News from Africa, Arkansas and Anywhere I happen to be at the moment

Follow me as I "Celebrate the Journey" of my life: Recently in Kisoro Uganda,for three years as a medical missionary(Lay Mission Helper-www.laymissionhelper.org) working with those infected and affected with HIV-AIDS, Public Health and babies at risk. Presently,in Arkansas awaiting my next "Call" to service.

Wednesday, July 02, 2008

--------Let Go And Let God---


--------- Part Two ------ Let Go and Let God

I arrived here yesterday with two specific challenges (don’t ya just love how we can turn a problem into a challenge just by changing the word? ) Try it—it actually works! The word “problem” sounds so final, so unfixable. Somehow with “challenge” comes hope and a sense that we have some say in the outcome.

In any case, back to the two challenges: the first Michael is finding a more comfortable place in my life, though I imagine it will be an ongoing process. The second has to do with my work in the Pediatric Ward at St. Francis Hospital

I was delighted when an opportunity to split my time between Public Health and Peds came along. Having been a Pediatric Nurse for so many years, I missed using my skills and definitely missed caring for ill children.

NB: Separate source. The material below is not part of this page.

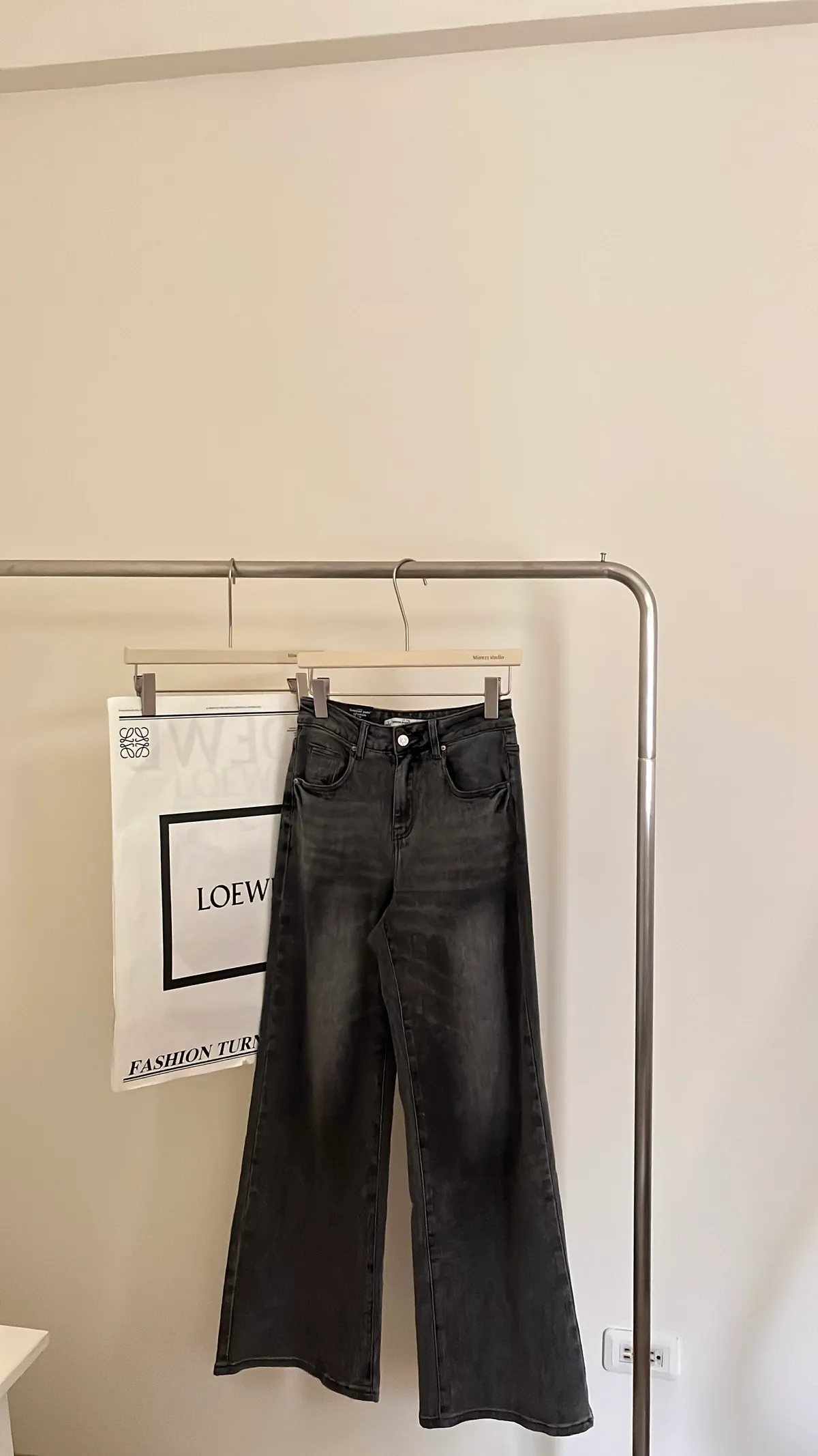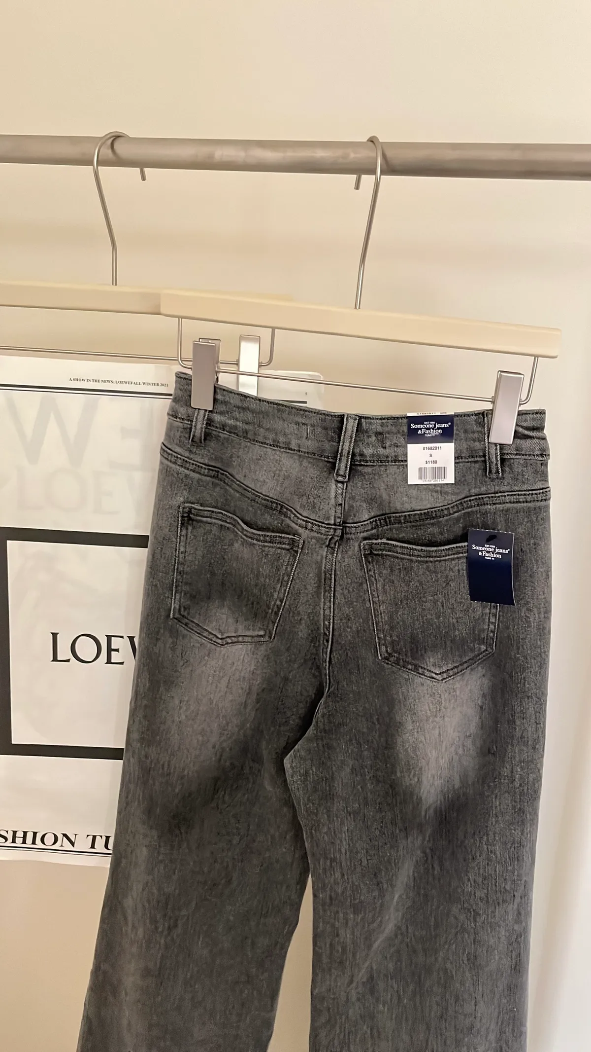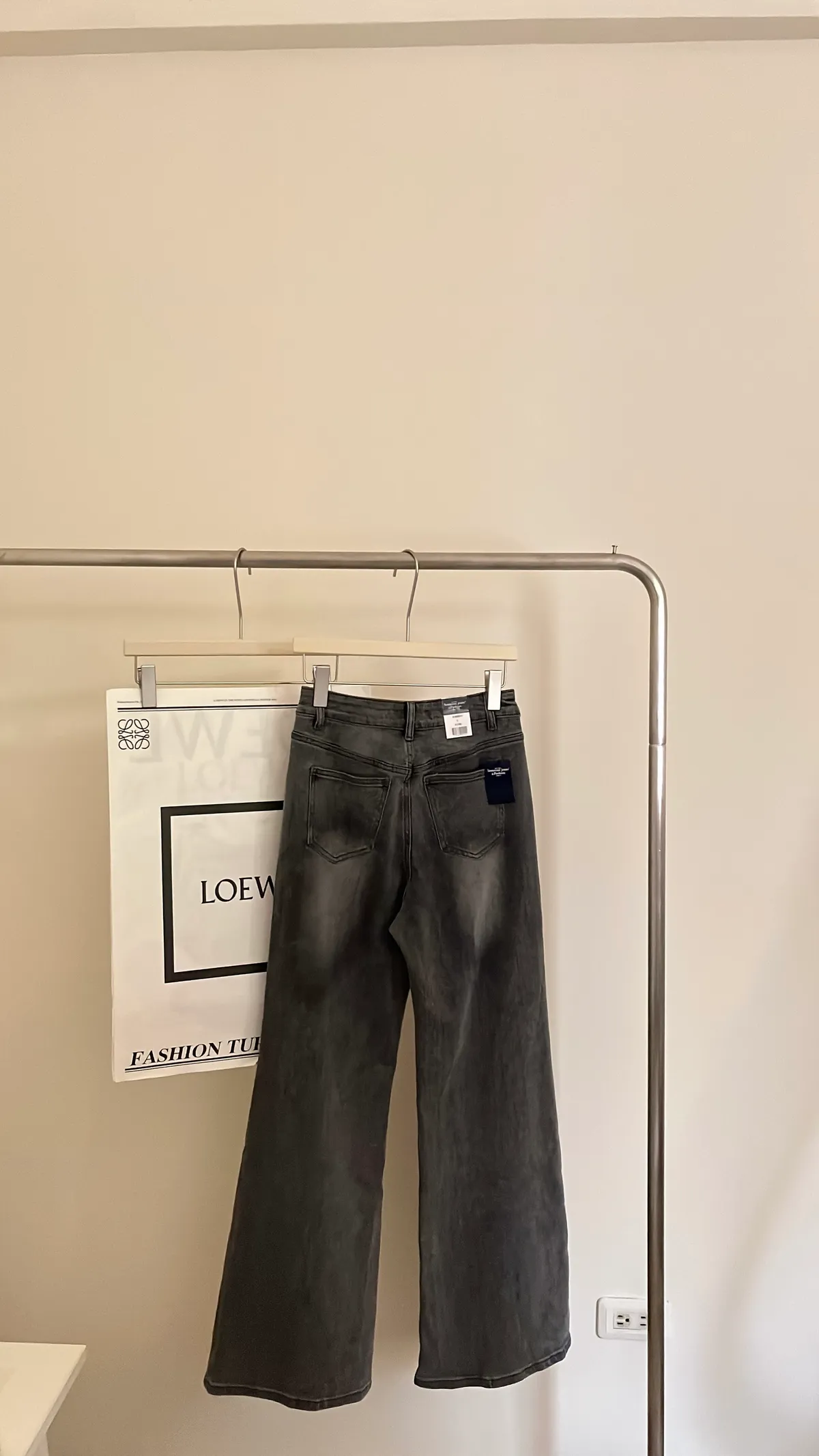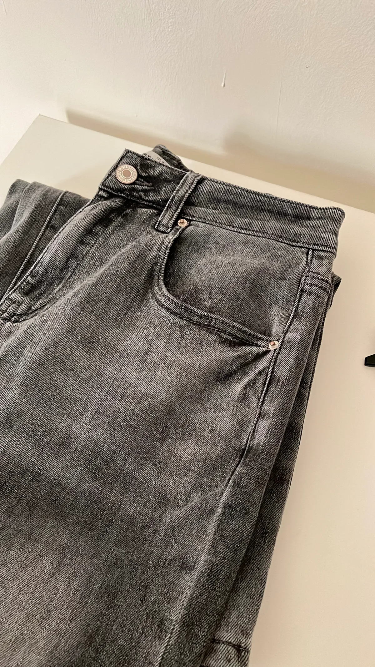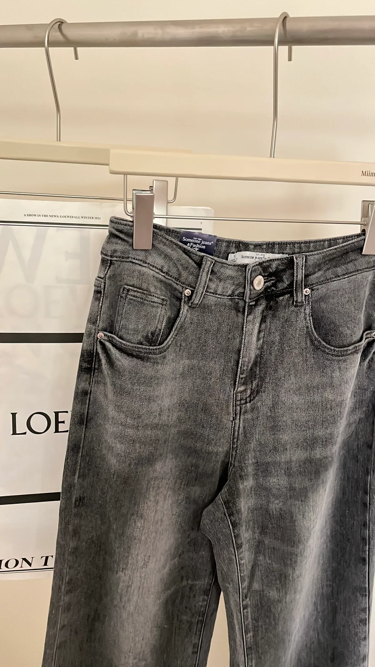 好穿!舒適高彈力! 質感碳灰刷色中高腰合身直筒褲 🪨

Shortly after my vacation there was a Continuing Education Class from an MD connected with the Minister of Health on “The Leading Cause of Deaths in Children in Uganda”. The answer was decidedly Malaria, which almost every child in Uganda has had once or twice. The outcome depends on the severity of the illness and, the timeliness of the treatment.

During his presentation the Dr. said that they had come to our Pediatric Ward some 4 or 5 months ago and randomly took x amount of charts as a survey. The results were astounding on many levels but what knocked me off my seat was the % for doing heart rates (pulses) on the children was only 8% and the % for doing respirations (how many breaths one takes in a minute) was a whopping 0% !!!

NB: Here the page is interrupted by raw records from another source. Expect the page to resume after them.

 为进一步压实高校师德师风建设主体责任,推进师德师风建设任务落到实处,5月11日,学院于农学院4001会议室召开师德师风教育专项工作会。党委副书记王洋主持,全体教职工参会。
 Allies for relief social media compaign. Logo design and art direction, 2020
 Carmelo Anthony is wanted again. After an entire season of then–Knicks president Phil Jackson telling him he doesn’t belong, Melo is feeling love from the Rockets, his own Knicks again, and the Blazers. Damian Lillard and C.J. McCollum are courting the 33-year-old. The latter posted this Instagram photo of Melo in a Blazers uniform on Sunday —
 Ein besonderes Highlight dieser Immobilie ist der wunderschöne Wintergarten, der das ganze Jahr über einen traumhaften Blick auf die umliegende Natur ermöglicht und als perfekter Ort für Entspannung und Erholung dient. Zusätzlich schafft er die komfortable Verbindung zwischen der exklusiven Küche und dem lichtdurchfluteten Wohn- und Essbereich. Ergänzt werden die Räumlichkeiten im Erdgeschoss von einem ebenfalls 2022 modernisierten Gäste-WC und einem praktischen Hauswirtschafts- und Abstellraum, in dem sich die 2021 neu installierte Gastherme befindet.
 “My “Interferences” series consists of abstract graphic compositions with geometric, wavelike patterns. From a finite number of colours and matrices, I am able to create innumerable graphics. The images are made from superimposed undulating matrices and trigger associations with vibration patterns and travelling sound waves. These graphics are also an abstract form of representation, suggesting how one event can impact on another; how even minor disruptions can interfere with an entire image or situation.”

If indeed more pulse or respirations had been taken, they were not recorded and any medical person will tell you “If it’s not been charted, it not been done.”

This was my open door to work in Peds and I jumped at the chance In April, I started to go there after lunch and take and teach how to take Vitals (Temperatures, Heart Rates and Respirations) on every child. Since I have had so many years experience with listening to “breath sounds” I threw that in as a bonus, in hopes it would give the medical personnel some extra information on which to they could base their treatment...

The response has been mixed and when I say mixed I don’t mean different reactions from various people, I mean different reactions from individuals depending on how what I do or say affects them at the time.

Most greet me with “Welcome” and “Thank you for the work”. One Charge Nurse even encouraged the nursing students to learn how to do Ob’s ( Observations) , or Vitals, by taking turns going thru the Ward with me. Their response is one of surprise that I know “how” to take a pulse or respirations on a child or that it is done at all. I find most of the nursing students willing and anxious to learn, it’s the trained nurses and Clinicians(like our Nurse Practitioners ) and M.D.’s (except Dr. Leonard Ssenyonjo) who seem uninterested in anything I have to say.

OK, so what is the challenge I face? To save all the lives of all the children in Uganda? Nooo To get all the medical personnel to like and respect me? Nooo

My challenge is to touch each child with love, smile at each mother as she nurses her sick baby, report my “observations” to the Charge Nurse, then simply “let it go” and leave it in God’s hands.

I am reminded of the adage “Let go and Let God” and my humorous interpretation, which is “I am perfectly willing to Let God, as long as I don’t have to let go”

Not so funny when I realize that in regards to my afternoons in Peds, I’ve been exemplifying my interpretation, not the original adage.

I usually return home between 5 or 6PM frustrated and a bit angry at everybody, mostly myself. All the classes we had on how cultures differ can not prepare you for what appears like apathy in treatment.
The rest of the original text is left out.